# Latest Table Talk



## ww (Feb 26, 2008)

I haven't read the latest article in Table Talk by Gene Veith however there has been discussion out there regarding the following statements:

"Truth & Consequences" article by Gene Veith assert that, in his
mind, Mother Teresa's conversion was likely genuine due to the
well-chronicled spiritual depression she experienced.
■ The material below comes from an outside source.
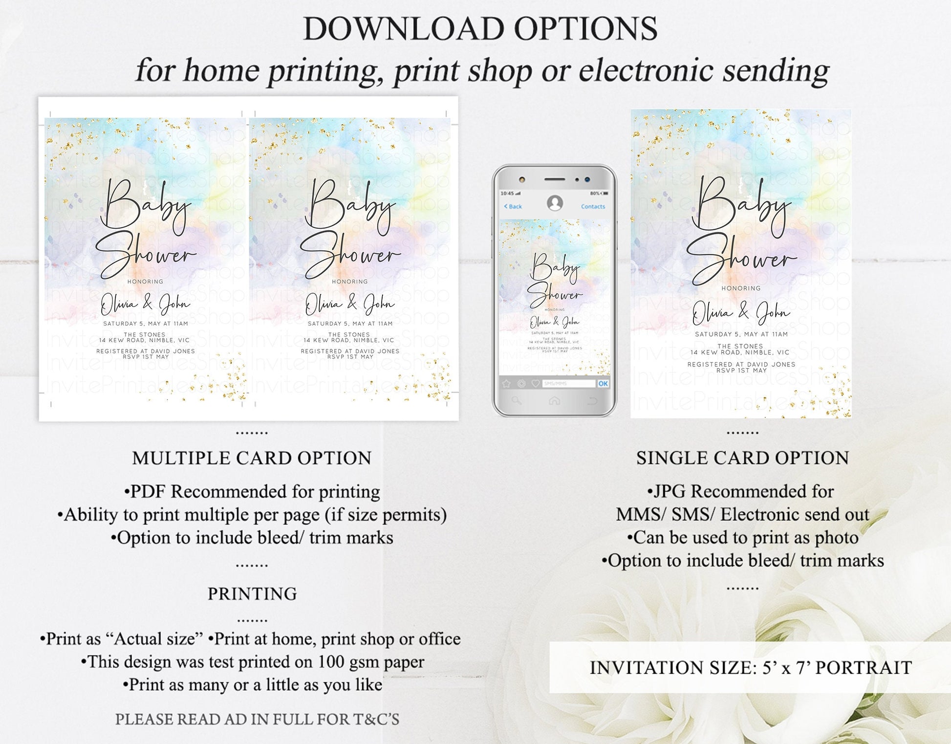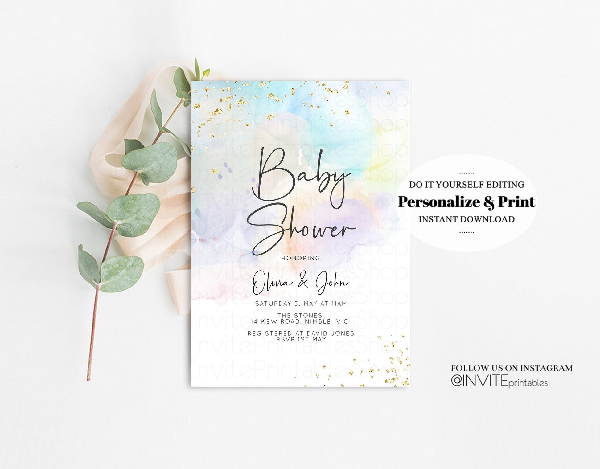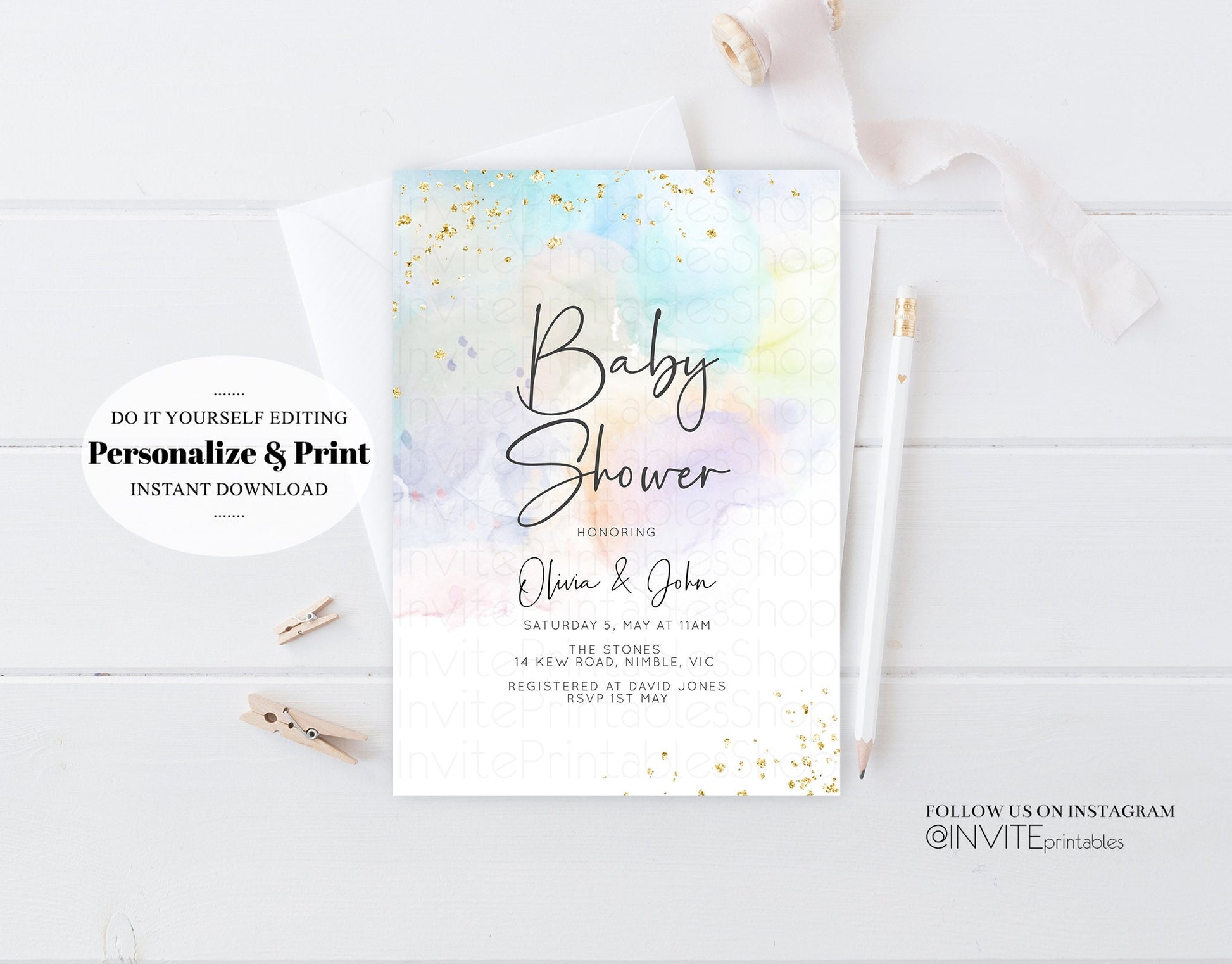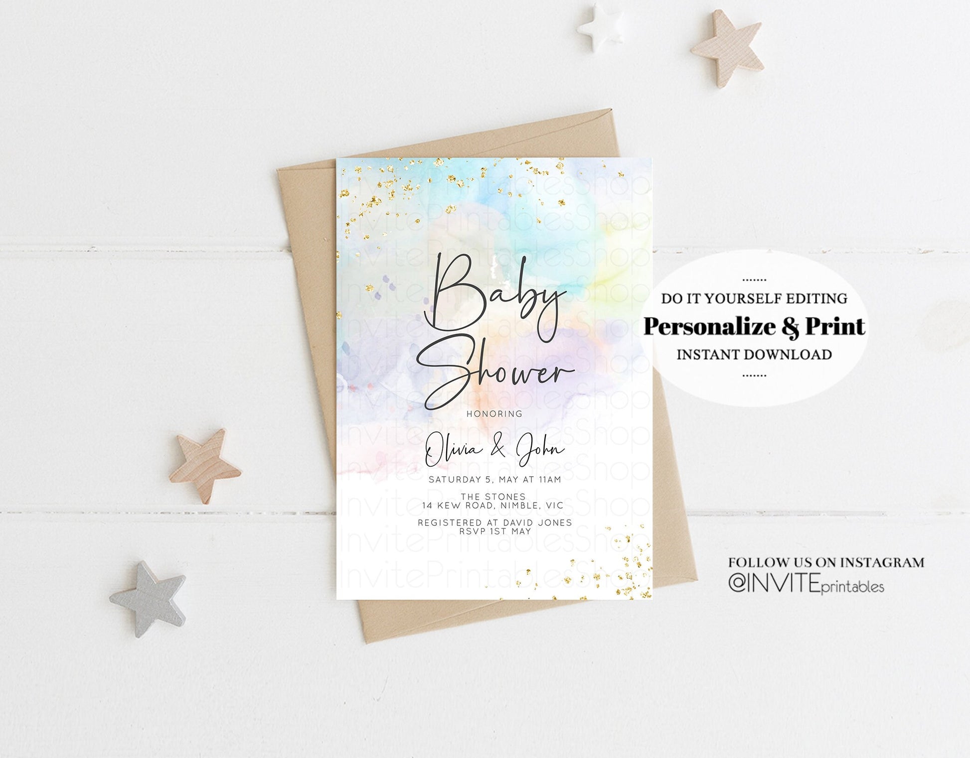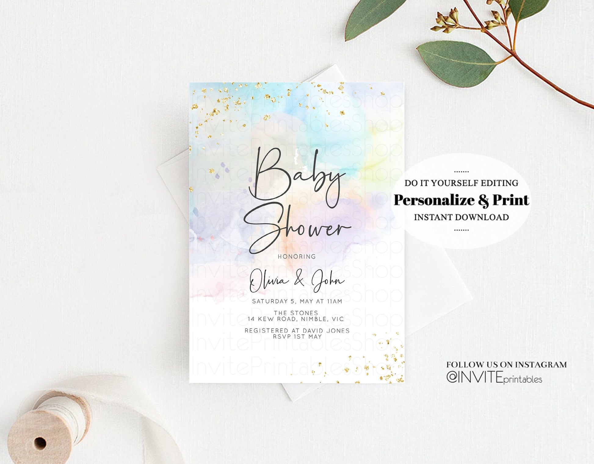 Rainbow Baby Shower Invitation Pastel Colorful Watercolor Gold Glitter Foil Sprinkles Confetti Gender Neutral Editable Instant Download 136

He writes, "She did not follow her feelings, trust in her good works,
or enjoy mystical experiences. Rather, she walked by faith and not by
sight. Luther was like that."

"I would think that her spiritual depression and sense of isolation
from God only serves to confirm how spiritually bankrupt the Roman
Catholic system of doctrine truly is, and that those who embrace its
teachings will not know the rest that Jesus promised."

Does this suprise you that it went to print?


----------



## Contra_Mundum (Feb 26, 2008)

I certainly hesitate to be optimistic. Luther's anxious spirit had no rest. He knew he was not "right" with God. According to his own testimony he _could not_ love God; sometimes he positively hated him! I don't think we was converted (regenerated, maybe earlier) until he understood sola fide, "The just shall live by faith."

Could the pope or M-T be saved? As my former pastor/colleague put it: not if he or she is a good Romanist. Maybe if a poor one? But then, how do you get to be pope?


----------



## Semper Fidelis (Feb 27, 2008)

Contra_Mundum said:


> I certainly hesitate to be optimistic. Luther's anxious spirit had no rest. He knew he was not "right" with God. According to his own testimony he _could not_ love God; sometimes he positively hated him! I don't think we was converted (regenerated, maybe earlier) until he understood sola fide, "The just shall live by faith."
> 
> Could the pope or M-T be saved? As my former pastor/colleague put it: not if he or she is a good Romanist. Maybe if a poor one? But then, how do you get to be pope?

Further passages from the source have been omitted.